**Your goal**
Produce word for word the lines of the data below running from the one that has "紫苹果别墅设计公司曾老师在设" to the one that has "Exude timeless elegance", inclusive, and no others.

**Dataset**
* * *

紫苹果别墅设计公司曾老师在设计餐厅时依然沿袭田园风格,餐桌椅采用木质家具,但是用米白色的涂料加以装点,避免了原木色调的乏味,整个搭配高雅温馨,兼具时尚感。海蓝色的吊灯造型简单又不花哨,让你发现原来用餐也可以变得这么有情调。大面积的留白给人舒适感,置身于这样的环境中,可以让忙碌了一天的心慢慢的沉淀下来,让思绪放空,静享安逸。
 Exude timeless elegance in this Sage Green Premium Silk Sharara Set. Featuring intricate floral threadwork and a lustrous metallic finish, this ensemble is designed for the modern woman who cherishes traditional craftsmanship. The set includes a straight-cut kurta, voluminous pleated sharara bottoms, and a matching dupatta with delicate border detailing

* * *

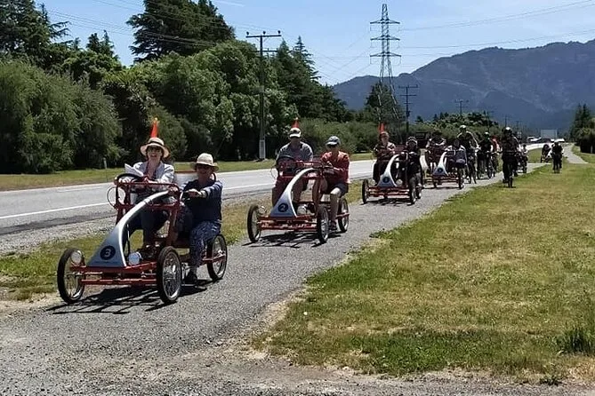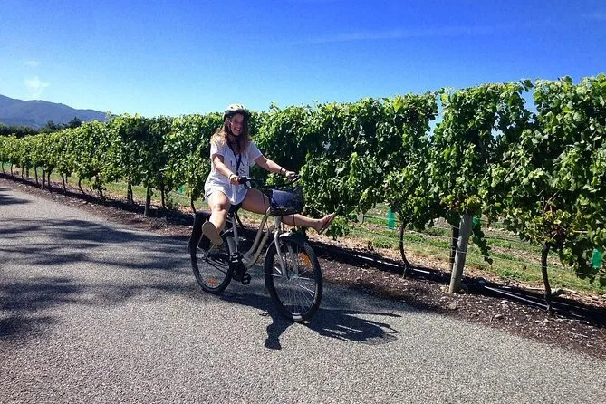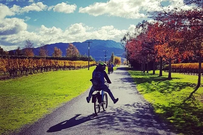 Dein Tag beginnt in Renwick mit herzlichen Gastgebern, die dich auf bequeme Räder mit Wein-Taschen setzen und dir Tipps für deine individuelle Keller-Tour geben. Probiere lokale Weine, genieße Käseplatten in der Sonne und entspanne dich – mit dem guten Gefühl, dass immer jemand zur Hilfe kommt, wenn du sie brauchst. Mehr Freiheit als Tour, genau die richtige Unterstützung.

* * *

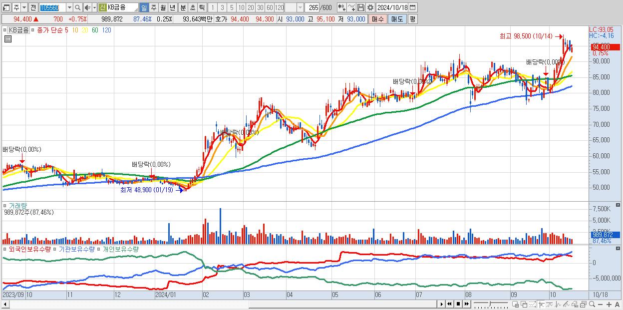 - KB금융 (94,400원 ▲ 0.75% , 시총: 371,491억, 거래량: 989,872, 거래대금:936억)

* * *

**Task solution**
紫苹果别墅设计公司曾老师在设计餐厅时依然沿袭田园风格,餐桌椅采用木质家具,但是用米白色的涂料加以装点,避免了原木色调的乏味,整个搭配高雅温馨,兼具时尚感。海蓝色的吊灯造型简单又不花哨,让你发现原来用餐也可以变得这么有情调。大面积的留白给人舒适感,置身于这样的环境中,可以让忙碌了一天的心慢慢的沉淀下来,让思绪放空,静享安逸。
 Exude timeless elegance in this Sage Green Premium Silk Sharara Set. Featuring intricate floral threadwork and a lustrous metallic finish, this ensemble is designed for the modern woman who cherishes traditional craftsmanship. The set includes a straight-cut kurta, voluminous pleated sharara bottoms, and a matching dupatta with delicate border detailing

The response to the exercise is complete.